EXERCISE DETAILS: Of the lines in the material below, print only those from the one containing "Пильный диск по" to the one containing "大学生创业英雄十强巡讲暨寻访", ends included, exactly as written and without pictures.

RECORDED DATA:
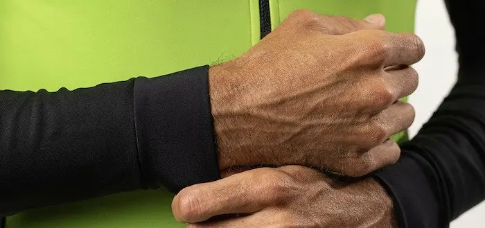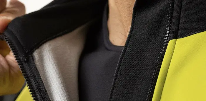 Celle-ci se veut la veste indispensable à disposer pour l’entrainement hivernal car elle couvre la grande majorité des conditions que l’on rencontre sous nos latitudes en automne et en hiver, c’est-à-dire avec des températures de 0 à 12-13°C, du vent frais et de l’humidité. Grâce à la protection qu’elle procure et à sa légèreté, elle est conçue pour ne pas entraver les mouvements, de manière à favoriser les entrainements soutenus. La partie avant, les manches et le dos utilisent un tissu Gore-Tex Infinium Windstopper, comme certaines autres vestes très haut de gamme de la concurrence. Ce tissu offre une résistance totale au vent tout en étant élastique pour assurer une coupe près du corps, et il maintient stable la température corporelle. Il évacue l’excès de chaleur vers l’extérieur et assure ainsi une très bonne respirabilité. La couche extérieure du tissu quant à elle bénéficie d’un traitement hydrofuge qui protège des averses légères et qui n’altère pas les qualités du Gore-Tex Infinium Windstopper.
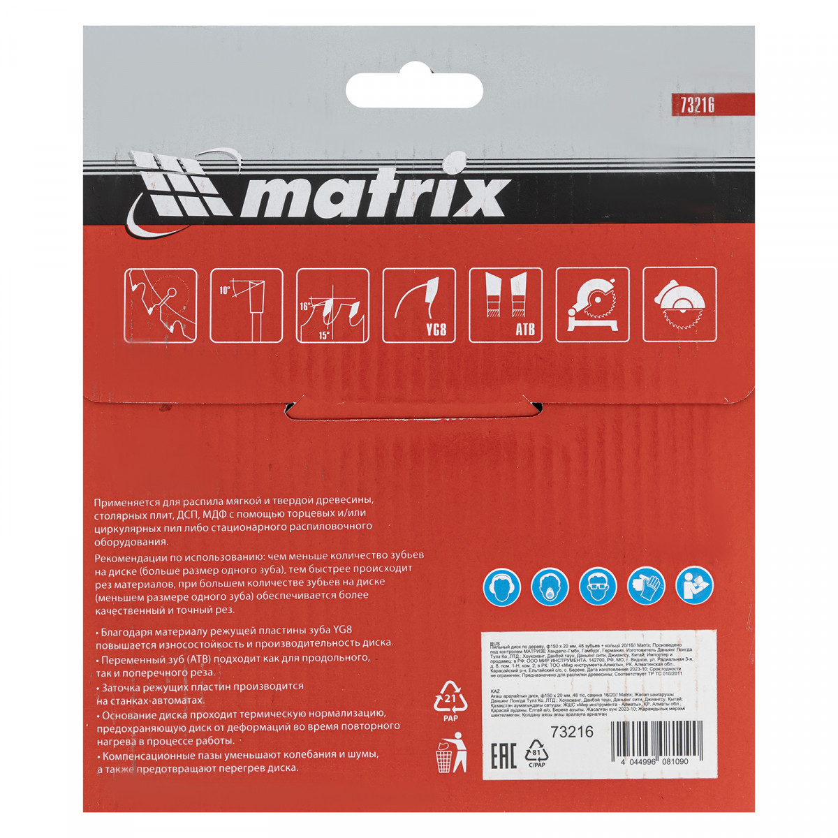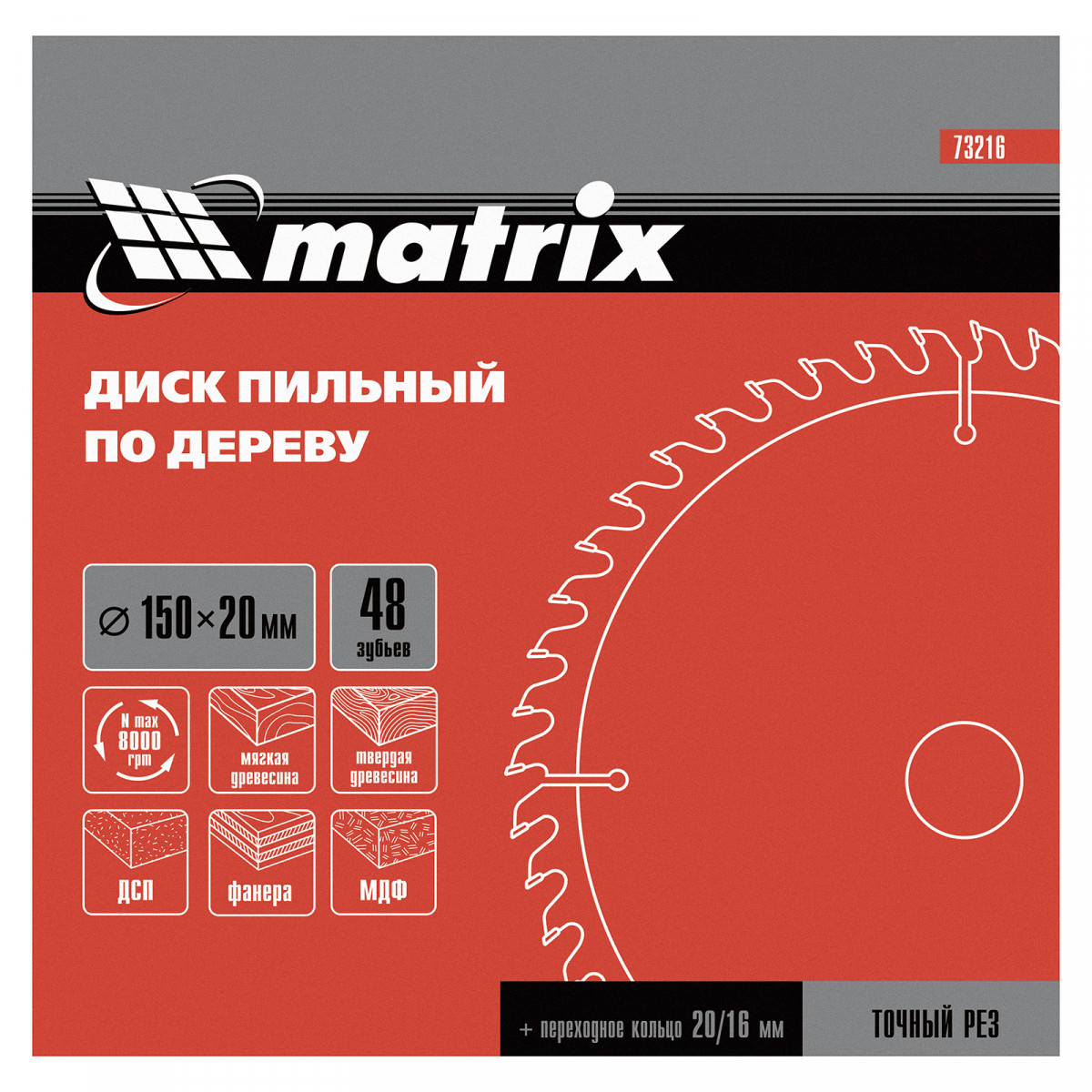 Пильный диск по дереву Matrix 73216 диаметром 150 х 20 мм, с 48 зубьями и переходным кольцом 20/16, — оснастка для циркулярных и торцовочных пил с соответствующим посадочным и внешним диаметром. Используется преимущественно для поперечного реза материалов из мягкой и твердой древесины, ДСП, ДВП, фанеры, столярных плит. В комплект поставки входит переходное кольцо 20/16, позволяющее самостоятельно изменить посадочный диаметр при необходимости. Диск подходит для бытового и профессионального применения.
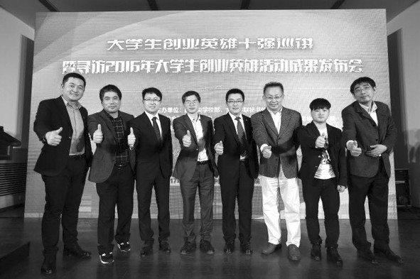 大学生创业英雄十强巡讲暨寻访2016年大学生创业英雄活动成果发布会近日在北京举办。四位2015年、2016年大学生创业英雄十强代表刘伯敏、段子明、于欣龙、朱铭强与在座的200多位大学生分享了他们的创业故事,寻访大学生创业英雄活动评委、知名创业教育专家李家华现场点评,他们围绕“大学生创新创业与中国经济发展新动能”进行对话与交流。中国青年报社副总编辑翁翔、广发证券监事长、广发证券社会公益基金会理事吴钊明等有关活动举办方嘉宾参加了活动。
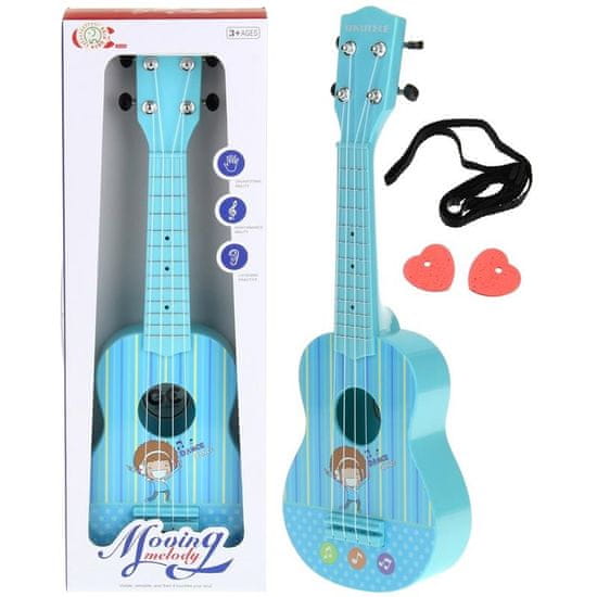 Ukulele kitara je idealna izbira za najmlajše glasbenike. Inštrument je narejen iz plastike in ima 4 strune, ki jih je mogoče raztegniti, zaradi česar je zvočni učinek podoben zvokom prave kitare. Igrača podpira malčkovo domišljijo, koncentracijo in motorično koordinacijo. Skozi igro se otrok uči prepoznavanja zvokov. Strune lahko zamenjate s kovinskimi, ki jih kupite sami.

RESPONSE BELOW:
 Пильный диск по дереву Matrix 73216 диаметром 150 х 20 мм, с 48 зубьями и переходным кольцом 20/16, — оснастка для циркулярных и торцовочных пил с соответствующим посадочным и внешним диаметром. Используется преимущественно для поперечного реза материалов из мягкой и твердой древесины, ДСП, ДВП, фанеры, столярных плит. В комплект поставки входит переходное кольцо 20/16, позволяющее самостоятельно изменить посадочный диаметр при необходимости. Диск подходит для бытового и профессионального применения.
 大学生创业英雄十强巡讲暨寻访2016年大学生创业英雄活动成果发布会近日在北京举办。四位2015年、2016年大学生创业英雄十强代表刘伯敏、段子明、于欣龙、朱铭强与在座的200多位大学生分享了他们的创业故事,寻访大学生创业英雄活动评委、知名创业教育专家李家华现场点评,他们围绕“大学生创新创业与中国经济发展新动能”进行对话与交流。中国青年报社副总编辑翁翔、广发证券监事长、广发证券社会公益基金会理事吴钊明等有关活动举办方嘉宾参加了活动。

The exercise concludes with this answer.